Push strategy pitfalls
If every server and service starts pushing metrics to a central metric collection platform, it could result in network overload and create bottlenecks. This also needs daemons on every server to send the metric data. Near real time data pushes could bring down datacenters.
Service discoverer
As we collect data form different services, the monitoring system will get metadata to identify services uniquely. This information has to be stored in a system that we call service discoverer. Suggested solution uses tools like EC2, K8s and Consul?
Querying service
We have to access the db and fetch relevant query results. Alerting needs this, and so will any dashboards.
We now have alert manager and dashboards.
Alerts require an alert manager - something that monitors the metrics based on rules in the alert rules and actions database.
Dashboards are used to visually depict the health of a system.

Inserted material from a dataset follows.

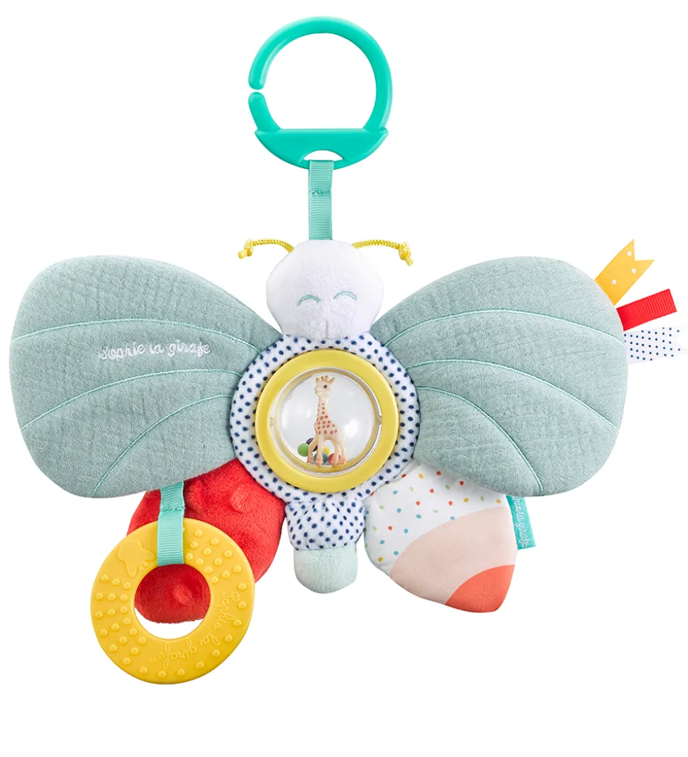 Sophie la Girafe aktivitetslegetøjet er lavet i en blød kvalitet. Der hænger en bidering fra den ene vinge, og en roterbar kugle med raslekugler og en giraf indeni. Barnet kan både bruge aktivitetslegetøj til at lege med i mange timer samt sove på ved at vende puden om, så den bløde side vender op.

Advantages | Disadvantages |
---|---|
Avoids overloading network traffic using pull | scalability is questionable. Server that runs the monitoring service could be a single point of failure. We could set up a failover, however, maintaining syncronisation and consistency is a challenge |
We are missing a service to purge or archive data periodically from the timeseries database.
Design improvement
How to scale better? Maybe we could use a combination of push and pull approach. In a push approach, the application pushes its data to the monitoring system. Earlier we used pull to minimize load on the network.
Use pull approach for servers within a datacenter. Assign several monitoring servers for hundreds or thousands of servers within a data center. 1 monitor server for every 5000. Call them secondary monitoring servers. These servers push monitoring data to a primary data server. The primary server will push data to a global monitoring service responsible for checking all the data centres spread globally.
This hierarchical, tree-like approach enables us to scale better.
Visualizing data in a dashboard
Monitoring several thousands of servers obviously results in a huge amount of data thus showcasing a big picture view on a dashboard can be daunting. One way to simplify this is by displaying overall server health of each and every server in a data-centre in a heatmap.